Matthew 22:23–33

"Jesus replied, 'You are in error because you do not know the Scriptures or the power of God'" (v. 29).

Three words that are used to describe the Christian doctrine of the Bible are inspiration, infallibility, and inerrancy. The doctrine of the inspiration of the Bible means that the human beings who wrote it were directed by God the Holy Spirit, so that the end product was the Word of God. The doctrine of inspiration does not mean that God dictated the Bible to the human authors (except for those parts of the Old Testament which God dictated to Moses and other writers). Nor does the doctrine of inspiration mean that the human authors became mere automata while God made their hands move as He wished. In fact, quite the reverse is the case. Just as we experience a great self-awareness in God's presence and a blossoming of our talents as we encounter Him, so the personalities of the human authors came to life in their writings.

When we say that the Bible is inerrant, we are saying that it contains no errors in any of its claims. When we say that the Bible is infallible, we are saying that it is impossible for the Bible even to contain errors. God cannot make mistakes, so His word cannot possibly contain mistakes. God's Word, then, is infallible by nature, and thus it is inerrant. The process of inspiration is infallible, since God is at work, and thus the end product (the Bible) is inerrant.

In recent years, a number of semiconservative theologians have rejected the term inerrant but have continued to say that the Bible is infallible. What these theologians mean by infallibility is that the Bible does not fail in its purpose. While this notion is true enough, it does not do justice to the traditional and biblical doctrine of infallibility, which is that God's word is incapable of error (infallible); therefore, the Bible does not err (inerrancy).

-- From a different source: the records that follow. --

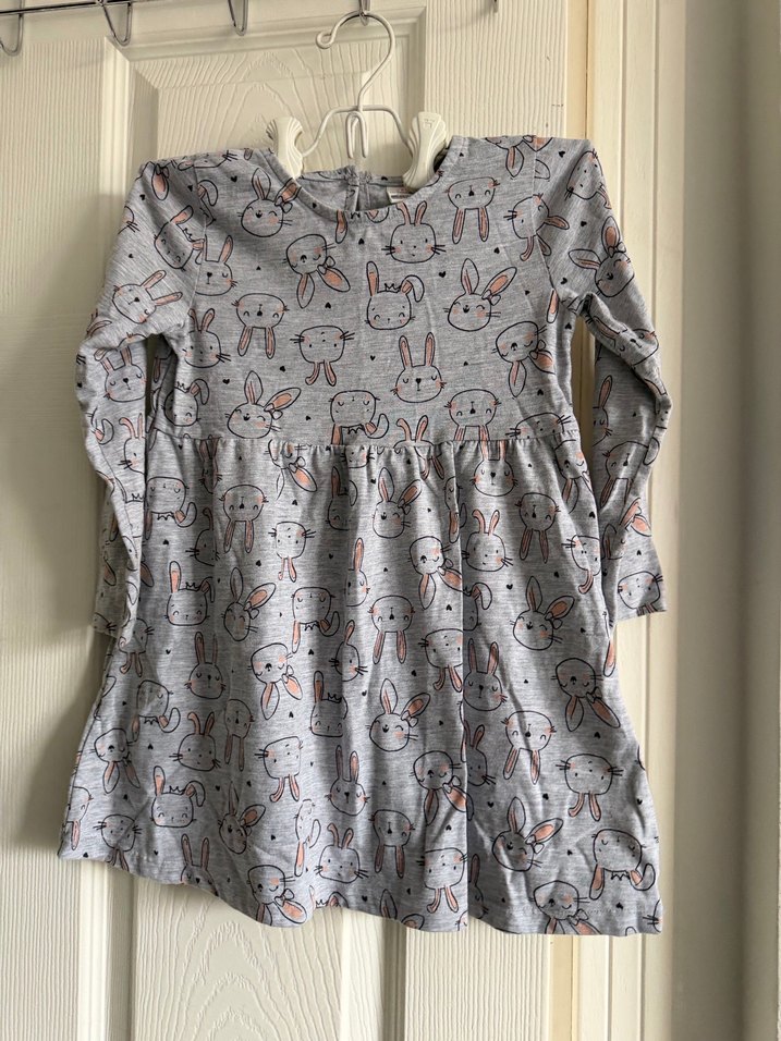 Pamuklu kumaştan, uzun kollu ve bol kesim gri elbise. Örme dokusu ve sevimli tavşan baskılarıyla trend günlük stile uygun. Marka Lcw.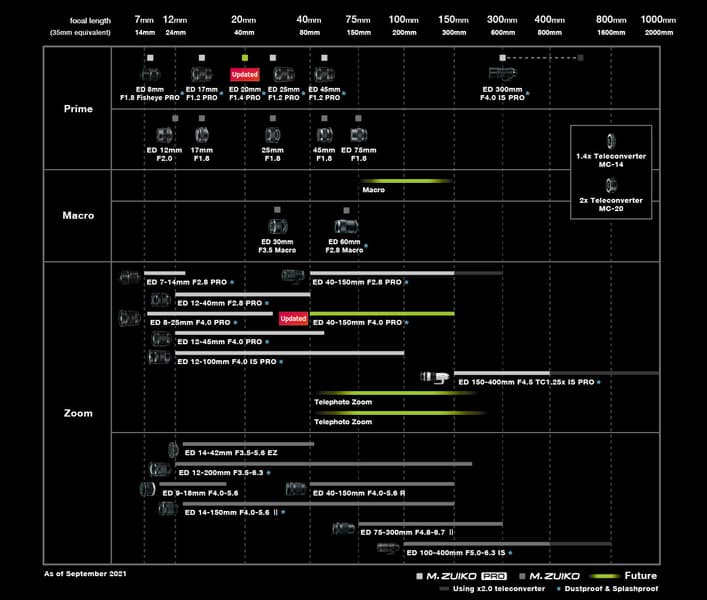 Компания OM Digital Solutions, в январе этого года созданная на базе бывшего подразделения Olympus по выпуску фототехники его новым владельцем, фондом Japan Industrial Partners (JIP), объявила о разработке двух новых объективов системы Micro Four Thirds. Модели M.Zuiko Digital ED 20mm F1.4 PRO и M.Zuiko Digital ED 40–150mm F4.0 PRO дополнили наглядное представление текущего каталога объективов и планов компании. На графике есть ещё три будущих объектива: макрообъектив с фокусным расстоянием около 100 мм и два телеобъектива с переменным фокусным расстоянием в диапазоне примерно 50–200 мм. Никакой информации о новых объективах, включая спецификации, сроки выпуска и цены, пока нет.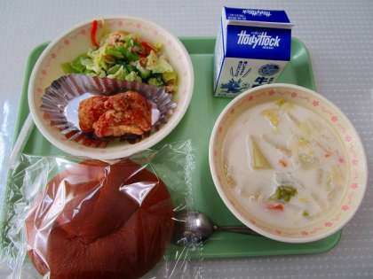 【献立】黒パン 牛乳 米粉のフライドチキン レモンドレッシングサラダ 白菜のミルクスープ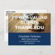 O cartão de agradecimento de imóveis azul moderno apresenta texto moderno e detalhes personalizados em bloco azul. O verso do cartão tem um modelo de endereço e uma mensagem que pode ser personalizada. Um cartão de agradecimento perfeito para agentes imobiliários, empreiteiros e construtores. Por favor, clique no botão personalizar para personalizá-lo com seu próprio texto.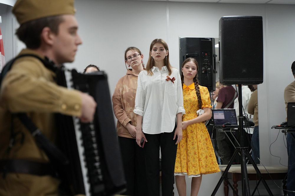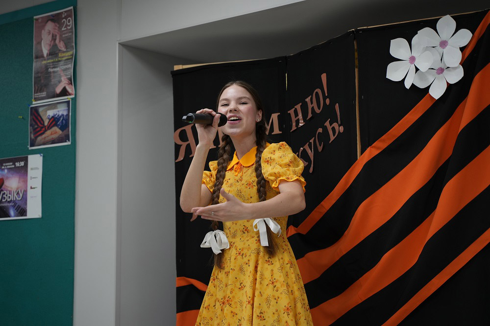 В исполнении наших артистов прозвучали песни и музыка военных и ближайших послевоенных лет. Затем волонтеры раздали участникам символ акции.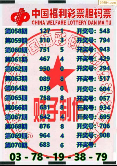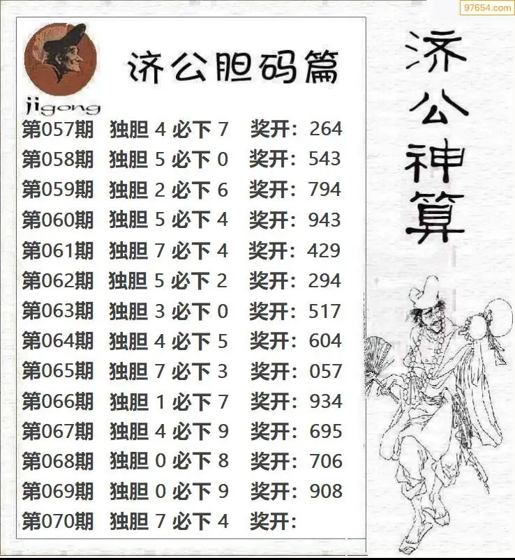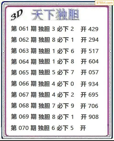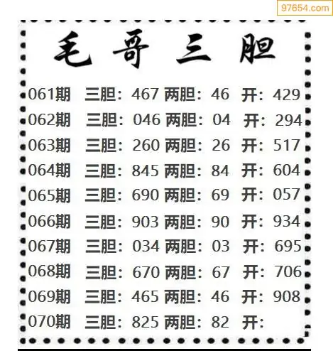 070期97654本站收集胆码出号预测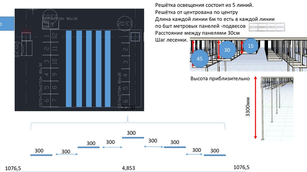 Решётка освещения состоит из 5 линий.Решётка от центрована по центру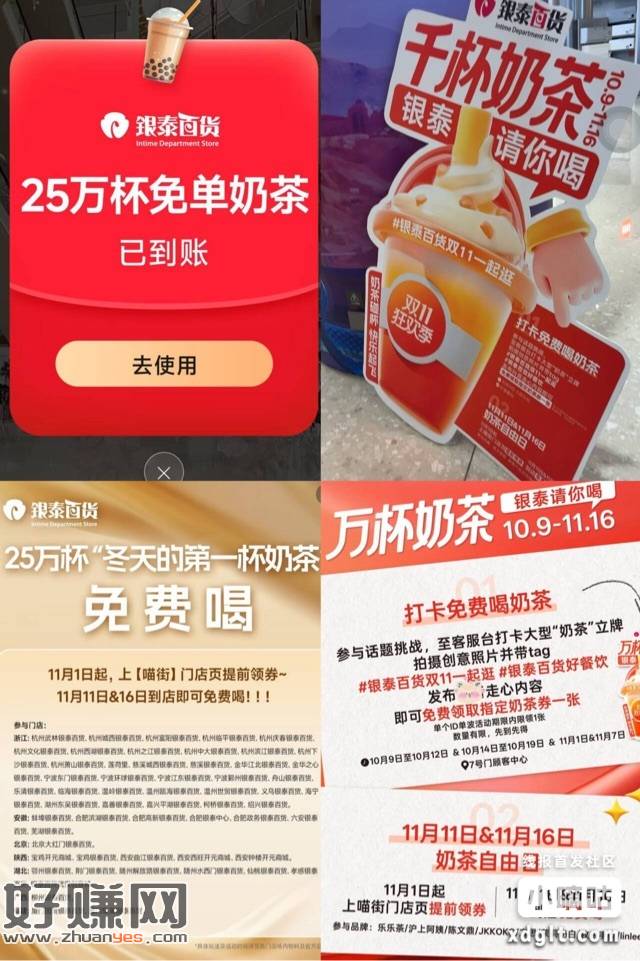银货百泰领25w份奶茶兔单 如图参与门店 感兴趣看看哈 ⏰11.1起 需先在喵街αpp领券 ⏰11.11或11.16 到店核销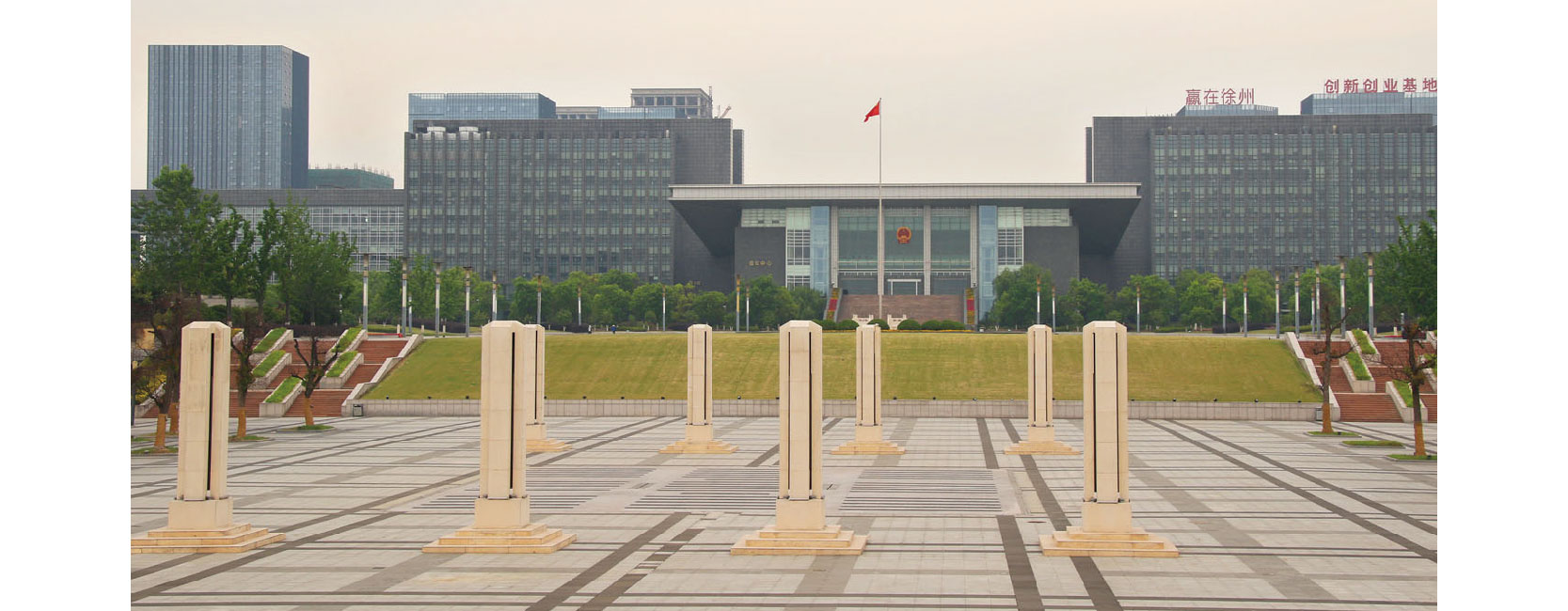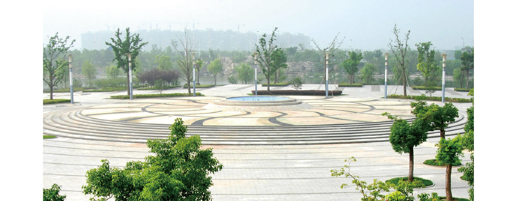 徐州市行政市民中心广场,位于新城区的核心位置,集行政办公、文化展示、休闲活动等功能于一体,展现了城市形象及建设理念。广场景观以“印记·徐州”为主题,体现楚汉文化的地域特色,以对称规则布局,营造了气势宏大的中轴景观,成为徐州的一张城市名片。 项目分为三大功能区,广场草坪区,平整如毯,绿意盎然,烘托着庄严的旗台;下沉式广场,以壮观的旱喷泉和主题浮雕装饰柱为主体,构成动感而富有文化内涵的活动空间;休闲绿地,以乡土树种为基础构建植物群落,自然生态,亲切宜人。 为使植物景观与大尺度的广场空间相协调,项目使用了一批大规格乔木。移栽时恰逢夏季,项目部采用移栽苗、加大种植穴、增加苗木土球等措施,保证了大树栽植的成活率,且保持树形优美。如今的广场景观,功能设施齐全,环境优美舒适,是城市的地标性景观。 |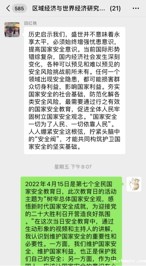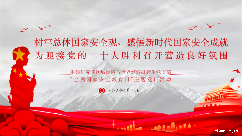 2022年4月15日,伟德网址下载app区域经济与世界经济研究生党支部举行“全民国家安全教育日“主题党日活动。本次活动围绕“树牢总体国家安全观,感悟新时代国家安全成就,为迎接党的二十大胜利召开营造良好氛围”主题开展,会议由支部组织委员薛婧轩同志主持。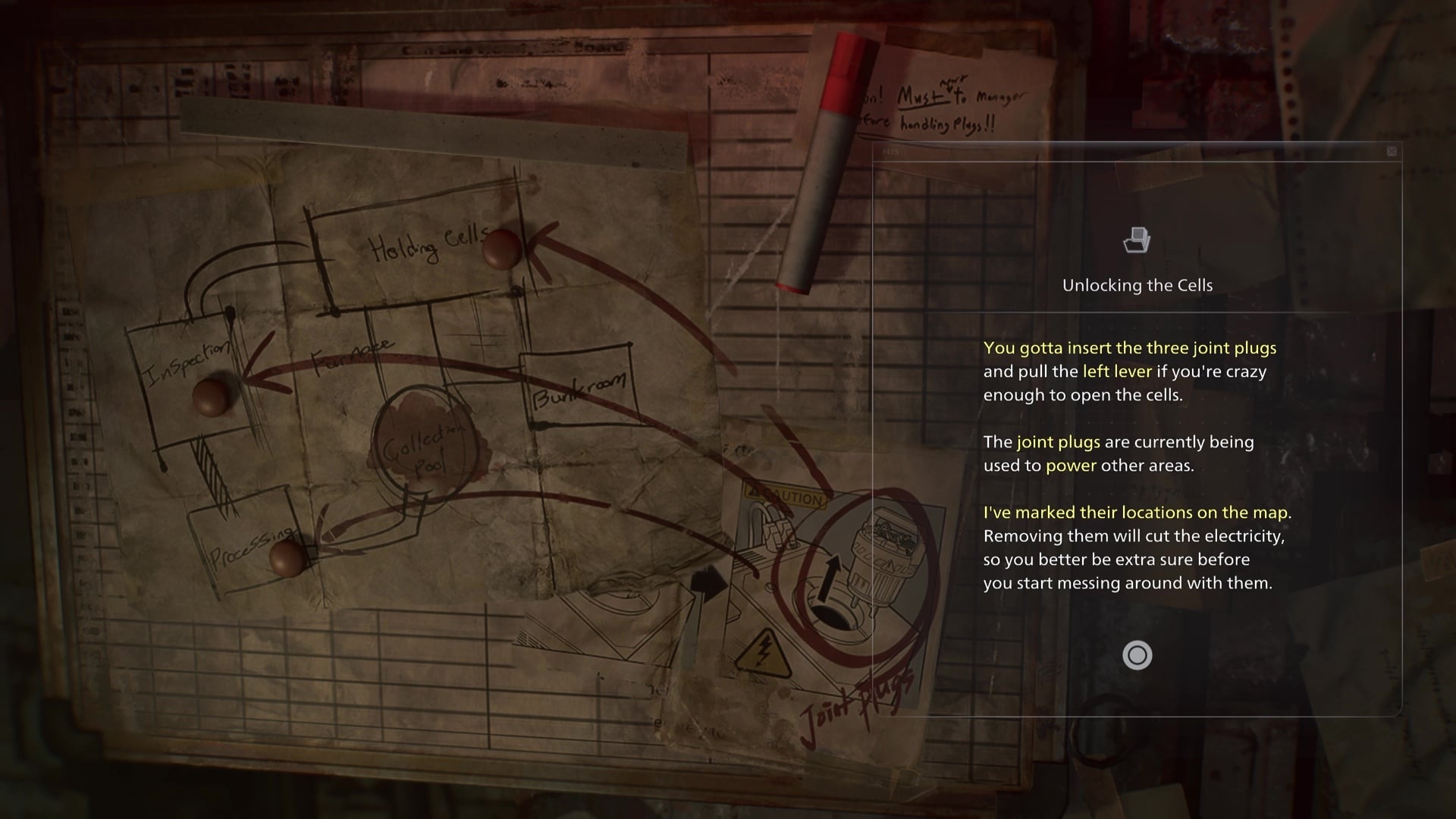 Place both Joint Plugs in the Collection Pool socket, and this will activate the lights and open a door at the end of the room. You’ll have to crawl through some vents to make your way through to Processing, and you’ll find the Forklift Key in this room on the floor. Use it on the nearby Forklift to open the main room, where you can find a map and some instructions.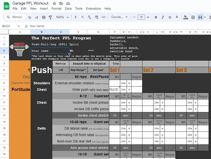 Welcome to the Character Basketball store. After purchasing a product you will receive a .pdf that will contain instructions and a link to your workout tracker. For more info check out this video Categories: All Home DB Full Gym Skills Training Jump training All / Full Gym The Perfect PPL Program Sale Price: $0.00 Original Price: $5.00 Sale Add To Cart Added! FREE Century Set for beginners Sale Price: $0.00 Original Price: $5.00 Sale Add To Cart Added! the Barbell 50s $5.00 Add To Cart Added! The 300 rep workouts (Full Gym) $5.00 Add To Cart Added!

All this is to say that the Bible is true. It was the liberal Rudolph Bultmann who studied the biblical word truth and concluded that what the Bible means by truth is something that is without deceit, without fraud, and communicates real states of affairs. What orthodox Christianity affirms is that the Bible is true in terms of the Bible's own definition of truth: on every page the Bible, without error, communicates real states of affairs.

Coram Deo

That the Bible is the Word of God leads to two inescapable conclusions, that it has no error andthat it is absolutely binding. Have you ever overlooked a particular demand in the hope that itmight be a mistake? Commit to following God's Word not just when it is convenient to do so, butin all its parts, no matter the cost.